● **Task prompt**
Could you return all of the records exactly, minus their images?

[[ Material for this exercise open ]]

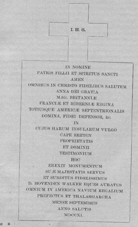 Being informed by several officers who had been there, that a Cross was erected on the Shoar, with the names of the French Sea Officers who had been here, which I looked upon as a Claim of Right they pretend to for the King their Master, the Island having been always in the times of Peace used in Common, both by the English and French for loading coals, which are extraordinary good here, and taken out of the Clifts with Iron Crows only and no other Labour : I thought it not amiss therefore to leave something of that kind to declare the Queen's Right to this Place; and having a Board made by the Carpenter, and painted, I sent him ashoar to fix it upon a Tree in some eminent Place where it might easily be seen, which was after this Form, with the Inscription following:-
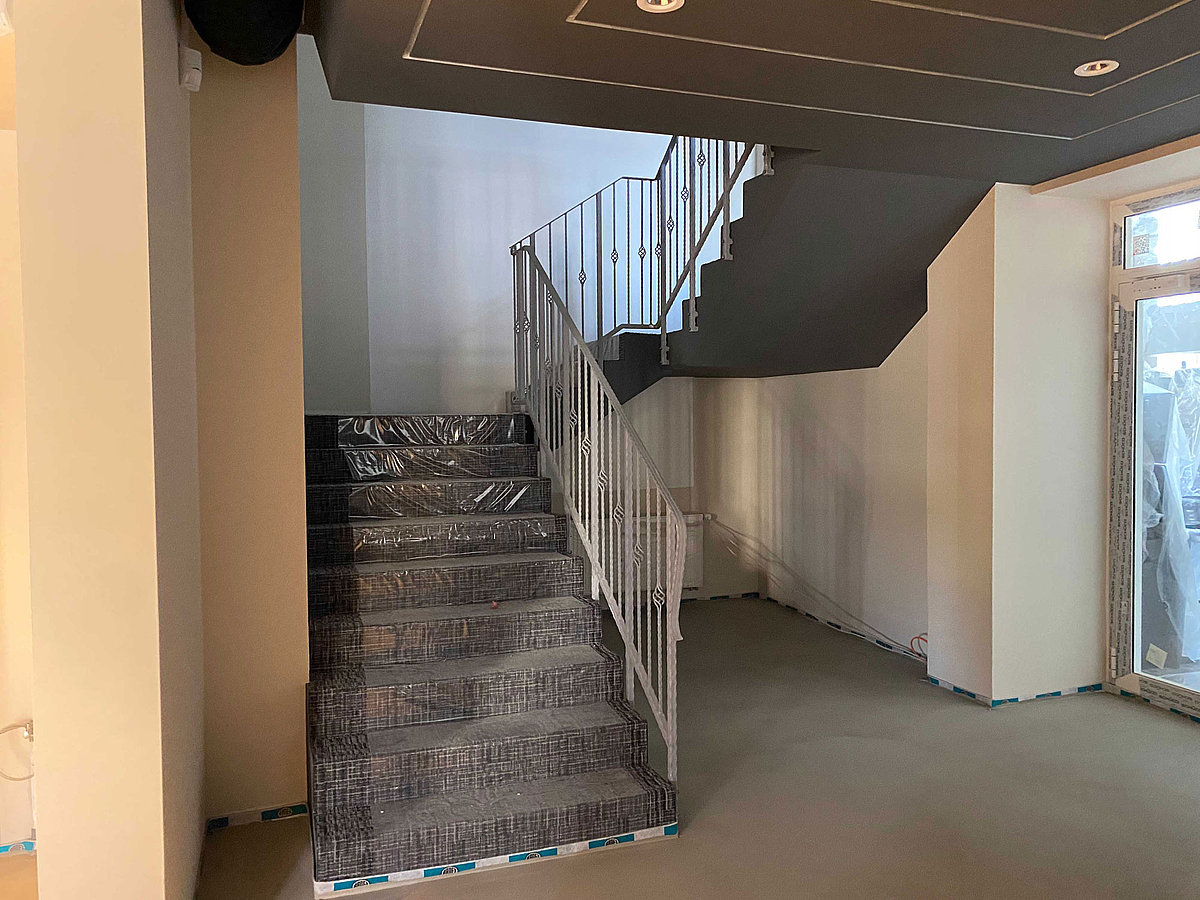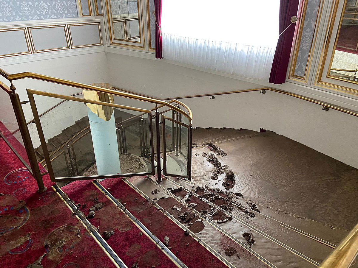 Treppenhaus mit Teppichboden voller Matsch und Wasser
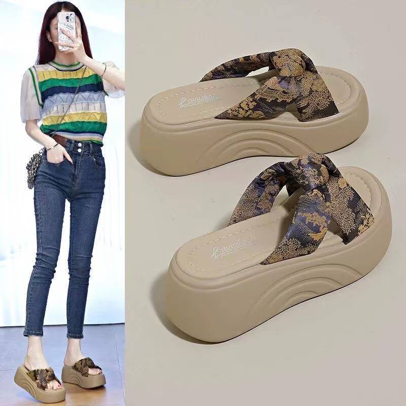 2026新款厚底凉拖鞋女夏外穿配裙子小个子增高女士不累脚绝美坡跟
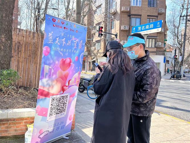 2月26日上午9时,上海市慈善基金会黄浦区代表处联合上海市黄浦区精神文明建设委员会办公室,组织瑞金二路街道18名爱心志愿者,分3个时段在南昌路茂名南路口朗读亭设立爱心打卡点,向市民宣传慈善理念,并帮助路人通过扫描活动二维码,完成爱心打卡活动相关小任务,获取慈善数字藏品。
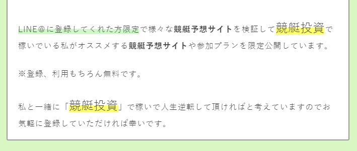 よくわからない競艇予想インフルエンサーのLINE@に登録することも危険だけど、私が気になったのは変換ミス。
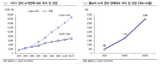 조 연구원은 “올 2분기 클래시스 매출액은 853억원으로 전년 동기 대비 45% 증가하고 영업이익은 429억원으로 같은 기간 38% 늘어 컨센서스(매출 844억원, 영업이익 421억원)를 상회할 것”이라며 “2024년 주요 국가에 판매를 시작한 볼뉴머 장비 수출 효과로 매분기 볼뉴머 장비 판매대수 고성장이 예상된다”고 진단했다.

[[ Material for this exercise closed ]]

● **Task result**
 Being informed by several officers who had been there, that a Cross was erected on the Shoar, with the names of the French Sea Officers who had been here, which I looked upon as a Claim of Right they pretend to for the King their Master, the Island having been always in the times of Peace used in Common, both by the English and French for loading coals, which are extraordinary good here, and taken out of the Clifts with Iron Crows only and no other Labour : I thought it not amiss therefore to leave something of that kind to declare the Queen's Right to this Place; and having a Board made by the Carpenter, and painted, I sent him ashoar to fix it upon a Tree in some eminent Place where it might easily be seen, which was after this Form, with the Inscription following:-
 Treppenhaus mit Teppichboden voller Matsch und Wasser
 2026新款厚底凉拖鞋女夏外穿配裙子小个子增高女士不累脚绝美坡跟
 2月26日上午9时,上海市慈善基金会黄浦区代表处联合上海市黄浦区精神文明建设委员会办公室,组织瑞金二路街道18名爱心志愿者,分3个时段在南昌路茂名南路口朗读亭设立爱心打卡点,向市民宣传慈善理念,并帮助路人通过扫描活动二维码,完成爱心打卡活动相关小任务,获取慈善数字藏品。
 よくわからない競艇予想インフルエンサーのLINE@に登録することも危険だけど、私が気になったのは変換ミス。
 조 연구원은 “올 2분기 클래시스 매출액은 853억원으로 전년 동기 대비 45% 증가하고 영업이익은 429억원으로 같은 기간 38% 늘어 컨센서스(매출 844억원, 영업이익 421억원)를 상회할 것”이라며 “2024년 주요 국가에 판매를 시작한 볼뉴머 장비 수출 효과로 매분기 볼뉴머 장비 판매대수 고성장이 예상된다”고 진단했다.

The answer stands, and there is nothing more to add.